Comparison of CPs between otolith afferents and VN/CN neurons. (A) Grand CPs are plotted against neuronal thresholds for otolith afferents (red, n = 54) and VN/CN neurons (black, n = 97) (VN/CN data are from ref. 13). Solid black line indicates a type II regression fit to VN/CN data (the correlation was not significant for otolith afferents). Filled symbols represent CP values significantly different from 0.5 (permutation test: P < 0.05,). Marginal histograms show distributions of CPs for VN/CN neurons (black) and otolith afferents (red). Filled and open bars indicate neurons with significant and nonsignificant CPs, respectively.
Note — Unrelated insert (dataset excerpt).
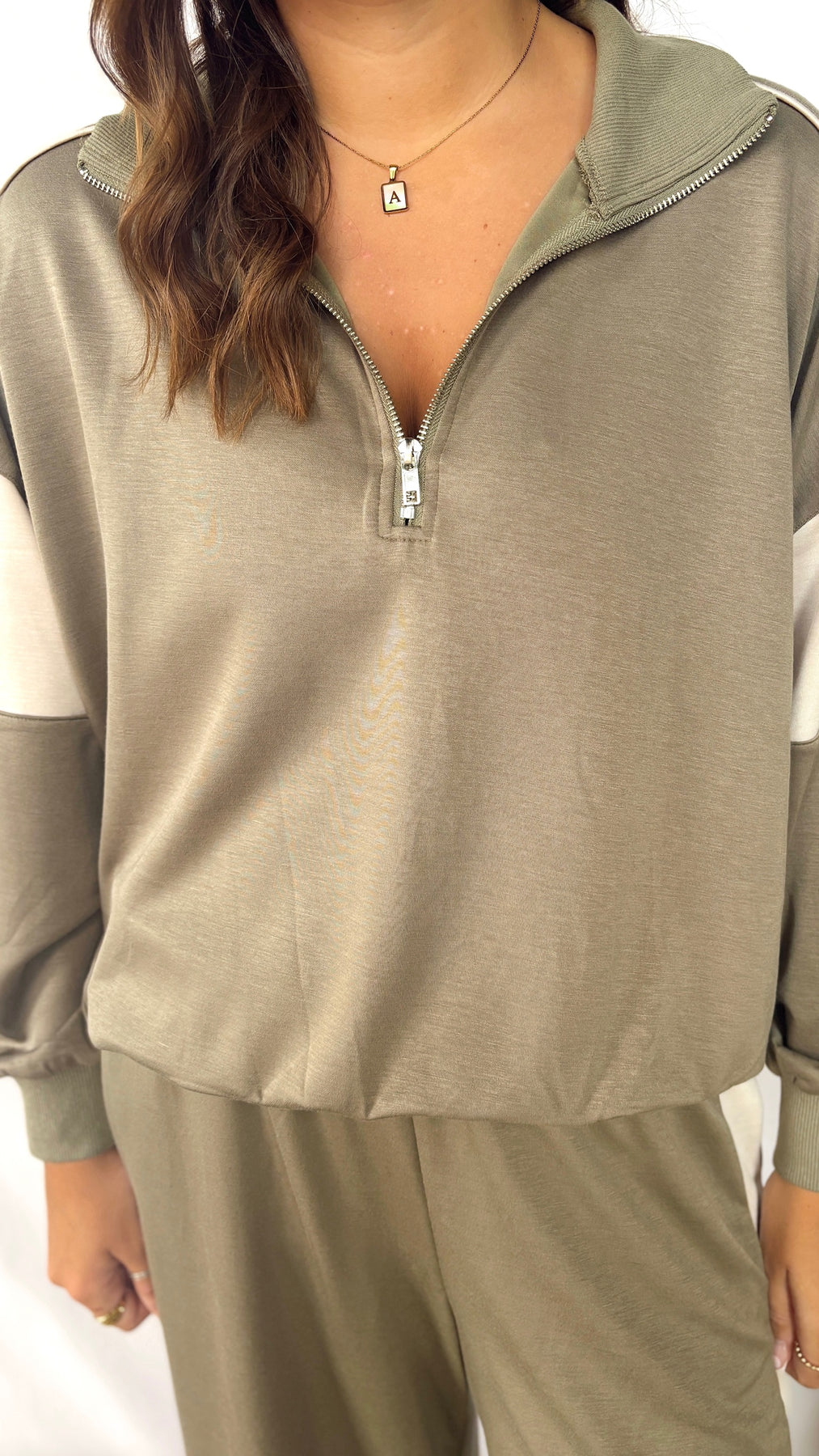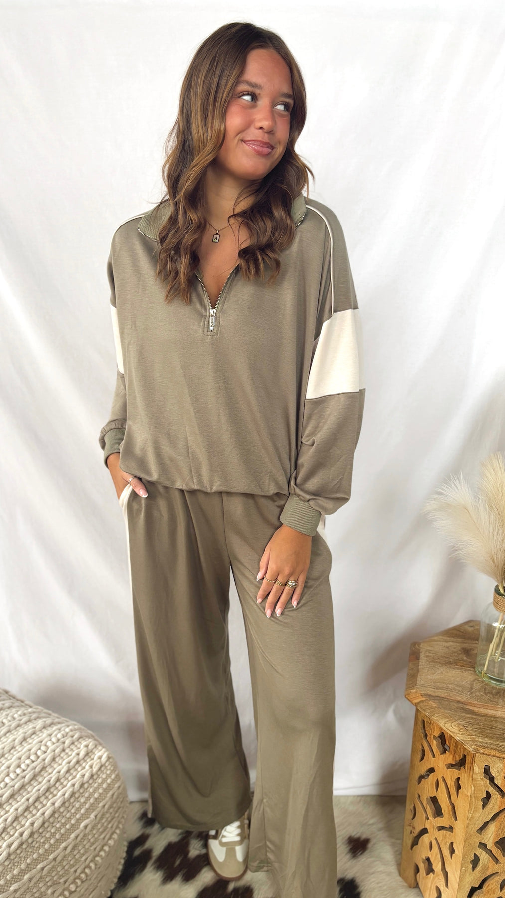 Stay cozy and stylish with The Mallory Set (sold separately), featuring a muted green sweatshirt and matching sweatpants accented by crisp white stripes. Perfect for lounging or casual outings, this set combines comfort with a sporty vibe for effortless everyday wear.

Arrowheads illustrate mean values. (B) Scatter plot of CPs against response variance. Filled and open symbols indicate neurons with significant and nonsignificant CPs, respectively. Horizontal dashed lines indicate the chance level (0.5) for CP.

Fig. 6.

Time dependence of neuronal thresholds (A) and CPs (B). Gray lines represent individual cells (threshold: n = 62, CP: n = 54). Open symbols (○) and the thick black line illustrate population means. Each point represents data computed in a 400-ms analysis window that is shifted by steps of 50 ms. The vertical dashed lines represent the time of peak stimulus acceleration (time point used for all other analyses). Filled symbols (●) indicate that the mean CP is significantly different from 0.5 (t test: P < 0.05).